The two steady-state fixtures (F-04, F-19) and the typed-episode
fixture (F-11) together exercise both branches of the engine's
operator-conservative discipline:

- **Typed branch (F-11)**: residuals contain real structural transitions
  → engine produces typed episodes with full evidence packets.
- **Silent branch (F-04, F-19)**: residuals are steady-state → engine
  declines to type, returning zero episodes rather than synthesising a
  structural narrative that the data does not support.

### Developer-facing message

> No typed structural episodes on this fixture. The slice is a steady-
> state regressed-config run for mongodb-driver-3.0.4; the bank
> correctly emits no signal.
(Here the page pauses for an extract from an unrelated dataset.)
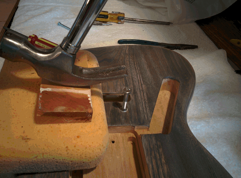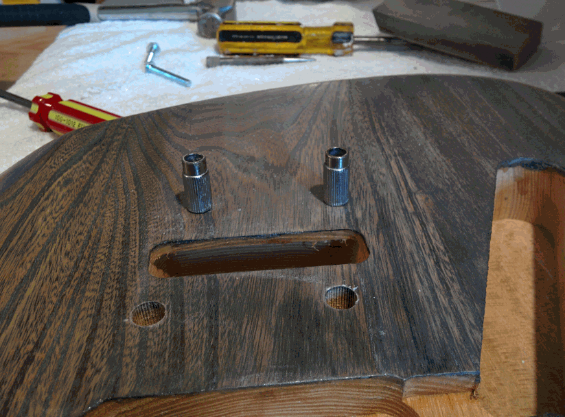 I have now finished the body with 5-6 coats of a water based semi-gloss finish. The bridge has been installed and the neck bolted on. I have also put the copper shielding in.
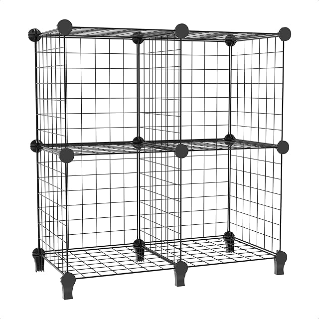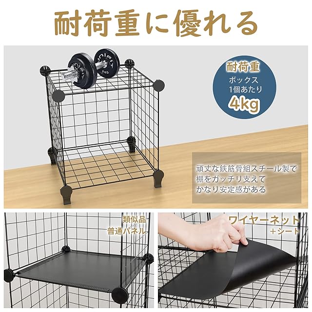 【大容量高硬度&組立簡単】 チチロバ(TITIROBA) 収納棚 整理棚 本棚 ワイヤー 収納ラック 大容量 おもちゃ/ぬいぐるみ/靴収納 見せる収納 簡単組立 ワードローブ ブラック 4ボックス

The fixture is included in the harness
> as a cross-fixture invariant validator — Theorem 9 holds, no
> hallucinated typing.

---

## Cross-fixture summary

| Fixture | Upstream fault dir | Spans | Episodes | Disposition |
|---------|-------------------|------:|---------:|-------------|
| F-04 | admin-service springstarter 1.5.22 | 25 316 | 0 | silent (steady-state) |
| F-11 | order-service mongodb 4.2.2 | 35 604 | 3 | typed (1 typed, 1 typed, 1 confuser_ambiguous) |
| F-19 | order-service mongodb-driver-3.0.4 | 19 281 | 0 | silent (steady-state) |

Three slices, three fixture-bound behaviours; one engine, one bank, one
config. The walk-throughs above are reproducible by running:

```
cargo test --features "std paper-lock" --test eval_tadbench -- --nocapture
cargo test --features "std paper-lock" --test fusion_compare -- --nocapture
```

The verbatim test stdout is the source of every number in this document.